Chapter 1:

1|Heaven Rejected

Regenesis Blade


A young girl awakens with a gasp, jolting up from the floor. After a moment to settle, she finds herself overcome by shivering. She bundles the pile of rags wrapped around her body closer, eager to blame it on the cold. With these stick-thin limbs and overall miniature frame, she could believe it. But she knew that not to be true.

"Accursed night-terrors..." I hear her say. "Can I not simply enjoy one night of peaceful sleep?"

She slumps her head back down to the hard floor, with only a bundle of twigs rapped in cloth as a pillow. Asking such questions was meaningless. There was no escape from the nightmares.

Prickles of sunlight creep through the gaps between the wooden planks of the shed as the sun rises over the hill on the horizon, and unusual birds chirp with unfamiliar chirps. Accepting the fact that another night's sleep has been stolen from them, she tosses her bed rags aside and clambers out of the pile of used fabric at the back of the shed, rubbing under her eyes where deep black circles had formed. Lifting her own weight up with such ease still came as a shock, she was up so quickly that she almost launched herself into a stack of garden equipment leaning beside the next wall.

Fiddling with the lock, she unbolted the door and, peering through the gap to assure nobody had caught her sleeping in the shed, she quietly exited and re-bolted the door behind her.

Shielding her eyes from the sun with her hand, she walked out into the yard and, stepping over various strewn segments of rusted metal and accumulations of logs, she reached the entrance of the alleyway and walked back out. Among these narrow, winding paths crammed behind the shadows of buildings, her breaths always felt shallow and short, filled with dust and smog, like the world that existed in those alleys exuded a constant suffocating aura, one that she could barely breathe with lungs so small. 

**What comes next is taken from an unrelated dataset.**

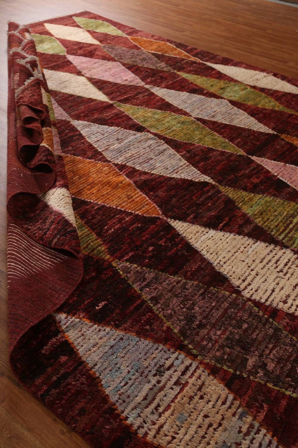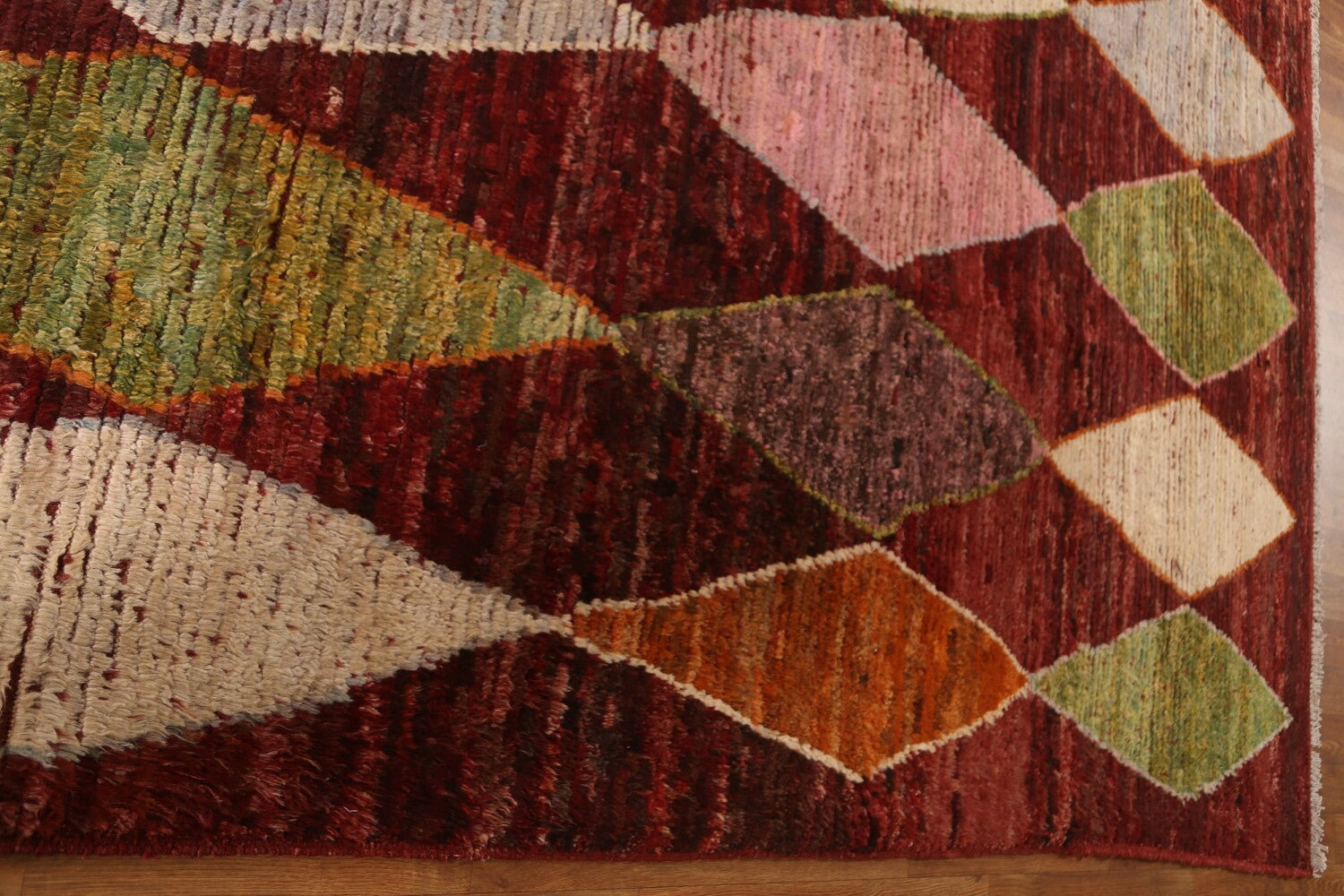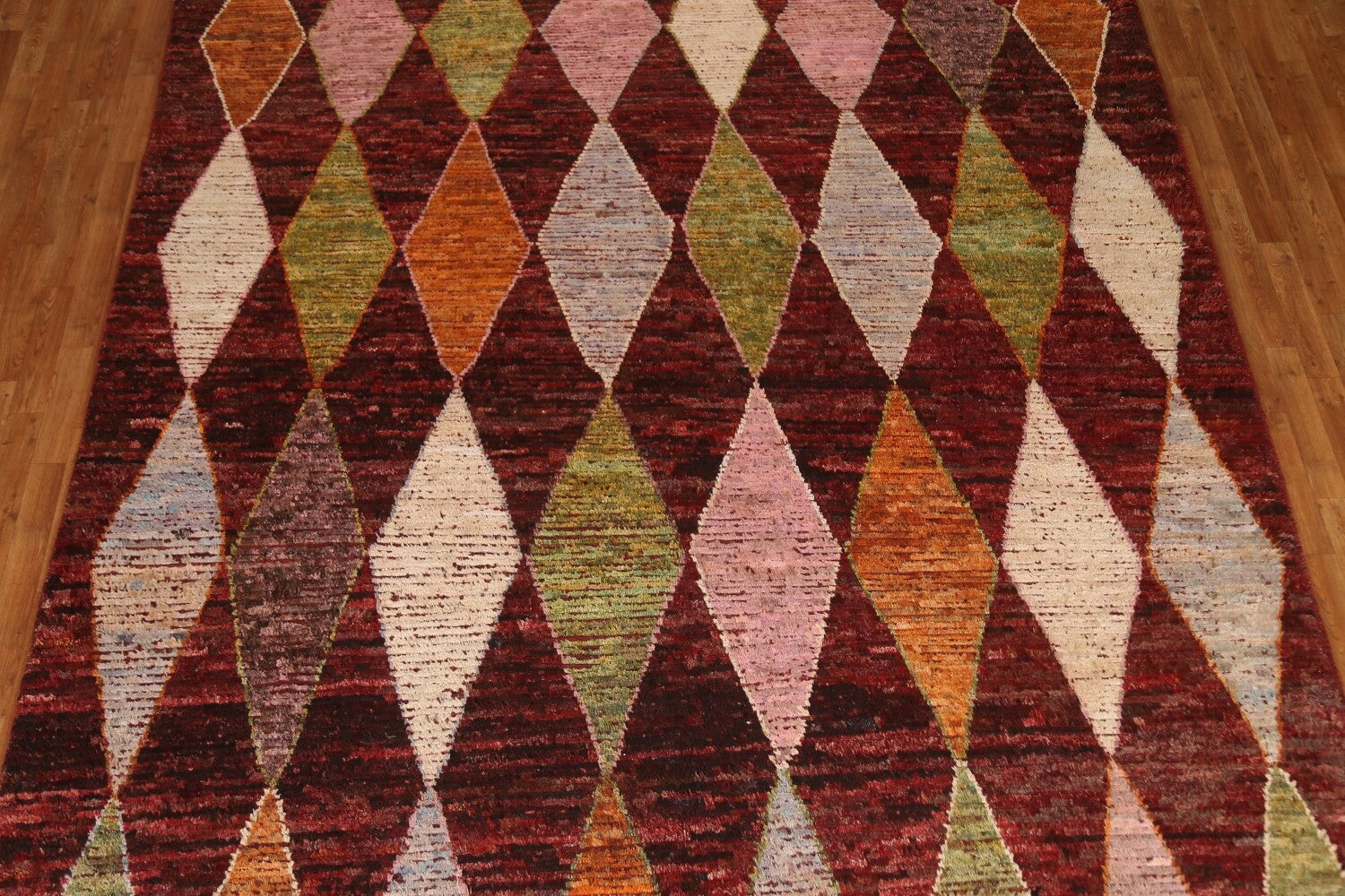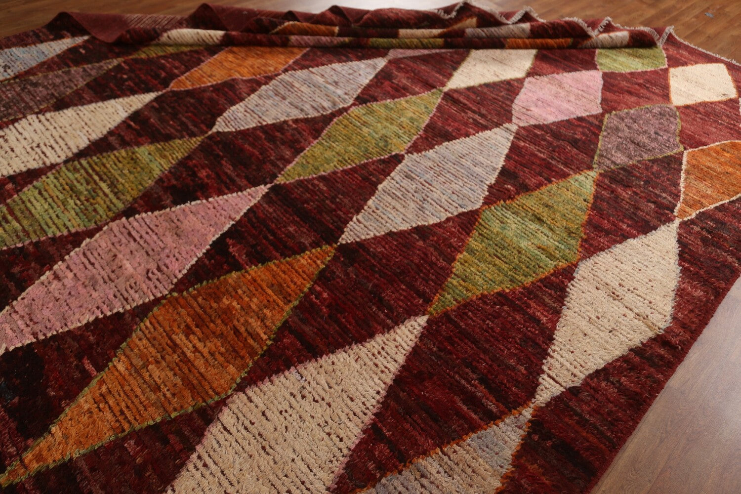 A Beautiful Genuine Pakistan Moroccan rug is Hand Knotted by skillful weavers in Pakistan with 100% Wool Material. This rug is in condition. dimensions are 13' 0'' X 9' 7'' in foot and 396 X 292 in centimeter. the primary color is Red.

Squeezing herself around corners of brick and around fences, she was still not used to the idea that she could even navigate spaces like this at all. But that equally came as a benefit: from a younger age and even now, adults would never think that someone would be able to fit through the holes and gaps required to get to the shed in the abandoned yard in the deepest reaches of the slums. And, in case anyone did, her selection of traps and misdirection tools would help with that. Which reminded her, she needed to deactivate those when she returned, as she always did. Not a good look to be caught by your own traps.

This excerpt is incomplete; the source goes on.